I miss the old blogging days, sometimes, when we felt like writers. What I cannot stand is pictures of people's clothes and how they decorate their homes. I don't give a shit about your clothes. Why do those clothes matter? I would rather read an essay on the importance of taking pictures of your clothes than look at one more picture of your fucking clothes.

Whoa. Sorry. Kono, you're like a tesseract, sometimes. The next dimension. Cube the cube.

Chris said...

I use to try to explain how every friendship was different, but I usually ended up insulting someone. Now I can just send them the link. And i totally agree with Kono. Your writing humbles me. And I'm really going to have to rethink that post I'm writing about decorating my house.
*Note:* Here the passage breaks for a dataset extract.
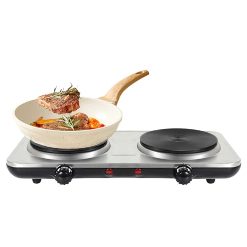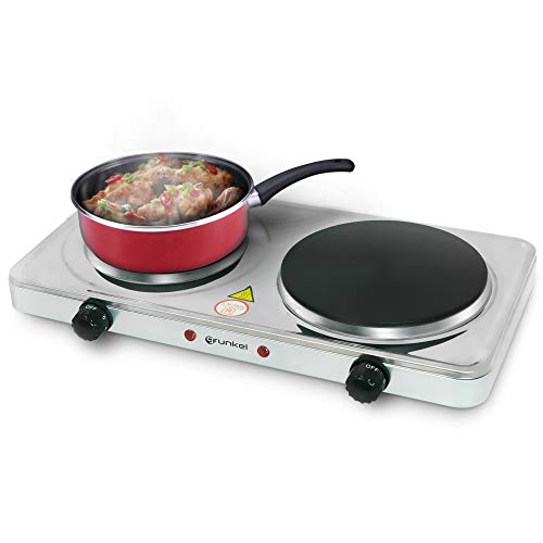 Grunkel - 15,5 cm och 18,5 cm elektrisk spis med dubbla plattor - EHP-218INOX - Elektrisk dubbelspis som är perfekt för husvagnar, camping eller små kök, -1000 W + 2 000 W - rostfritt stål

Seriously.

daisyfae said...

holy shit. i'd forgotten Diner. and that Steve Gutenberg was in it... when i get some free time, this is at the top of the list.

i have no blog mojo. i just don't need to pretend to write much. but it's the people i 'met' that keep me coming back out here - and god damn it, you, kono, chris... you do NOT live in my computer, but you are real friends, and i know this. so shit. let's have a party. kono's bringing the pharma....

Ginny said...

We were just watching promos for Sharknado 3, and saying "Do you remember the brief window where Steve Gutenberg was gonna be an actual thing?" And then just like that, he was a punchline. Does he have an autobiography? I'd like to pinpoint where it went wrong.